### Required action
Output the listing exactly as written, apart from its pictures.

===== Data provided

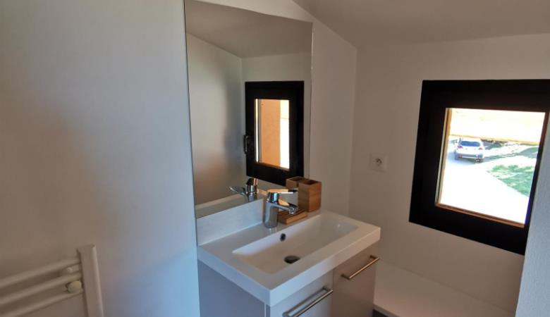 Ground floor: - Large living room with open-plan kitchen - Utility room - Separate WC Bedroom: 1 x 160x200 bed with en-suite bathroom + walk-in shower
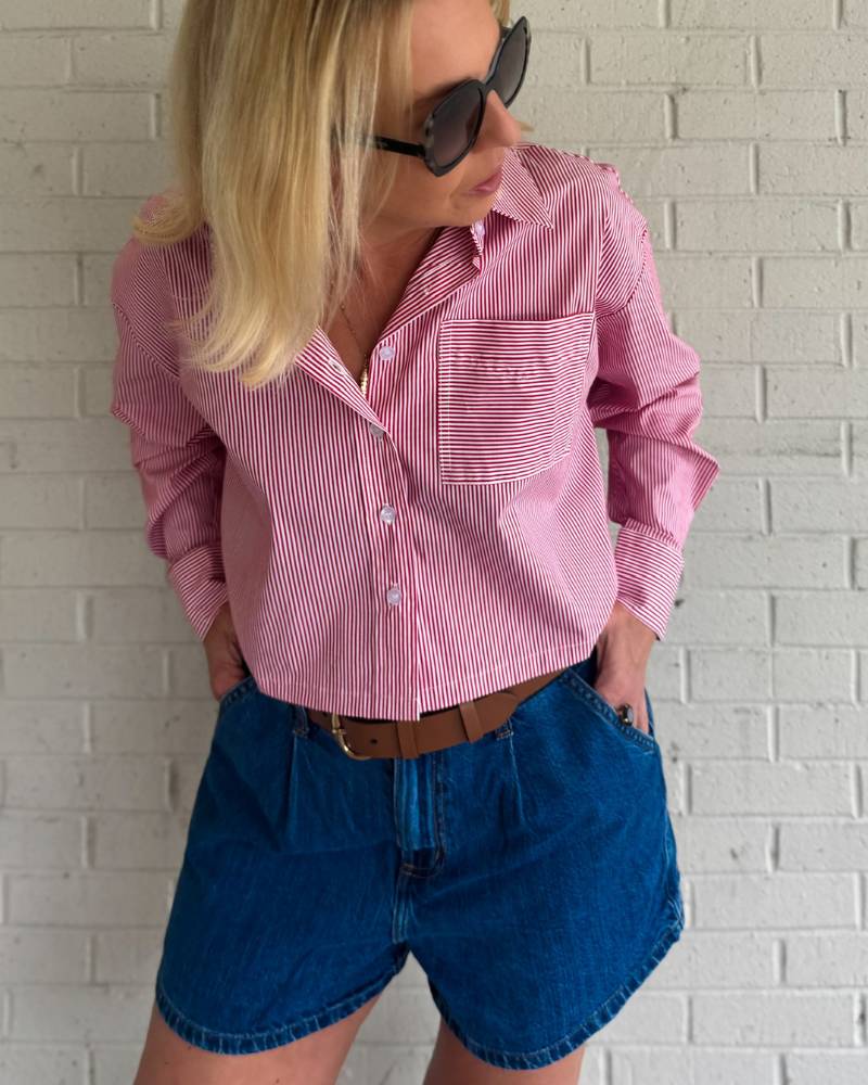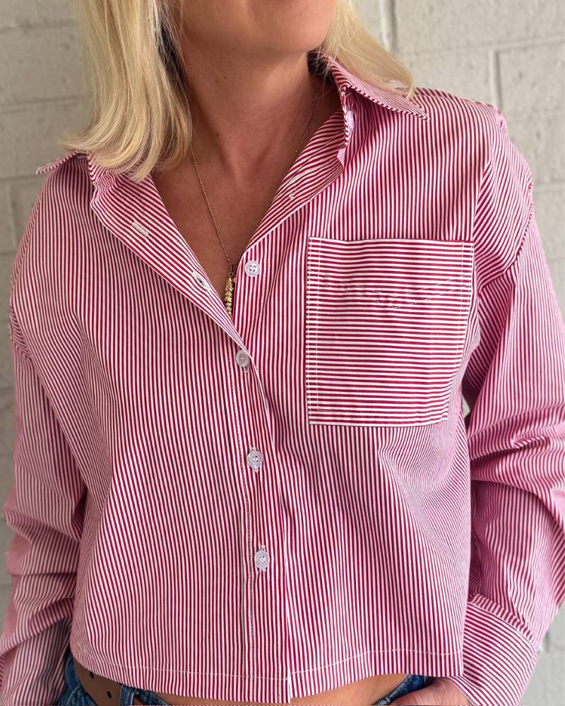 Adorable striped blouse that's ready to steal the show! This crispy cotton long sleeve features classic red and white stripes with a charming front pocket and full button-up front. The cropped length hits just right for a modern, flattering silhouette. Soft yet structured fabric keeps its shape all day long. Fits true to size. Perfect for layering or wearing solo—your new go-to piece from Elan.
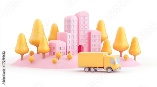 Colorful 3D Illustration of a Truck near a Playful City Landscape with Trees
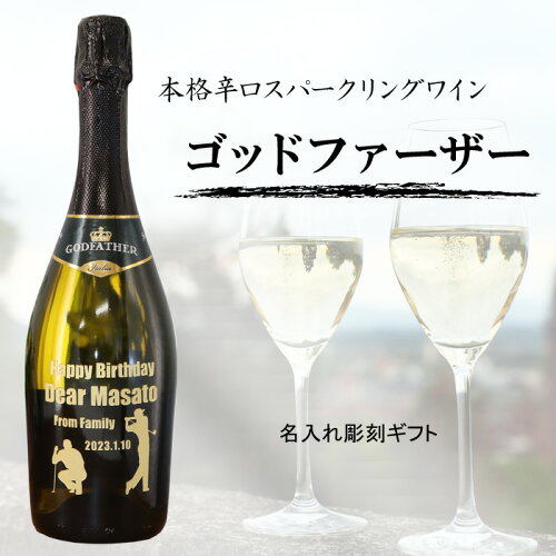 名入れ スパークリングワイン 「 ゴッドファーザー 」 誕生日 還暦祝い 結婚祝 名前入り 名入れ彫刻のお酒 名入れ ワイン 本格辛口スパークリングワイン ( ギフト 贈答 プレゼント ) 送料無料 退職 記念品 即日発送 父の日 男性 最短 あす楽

==========

### Answer box
 Ground floor: - Large living room with open-plan kitchen - Utility room - Separate WC Bedroom: 1 x 160x200 bed with en-suite bathroom + walk-in shower
 Adorable striped blouse that's ready to steal the show! This crispy cotton long sleeve features classic red and white stripes with a charming front pocket and full button-up front. The cropped length hits just right for a modern, flattering silhouette. Soft yet structured fabric keeps its shape all day long. Fits true to size. Perfect for layering or wearing solo—your new go-to piece from Elan.
 Colorful 3D Illustration of a Truck near a Playful City Landscape with Trees
 名入れ スパークリングワイン 「 ゴッドファーザー 」 誕生日 還暦祝い 結婚祝 名前入り 名入れ彫刻のお酒 名入れ ワイン 本格辛口スパークリングワイン ( ギフト 贈答 プレゼント ) 送料無料 退職 記念品 即日発送 父の日 男性 最短 あす楽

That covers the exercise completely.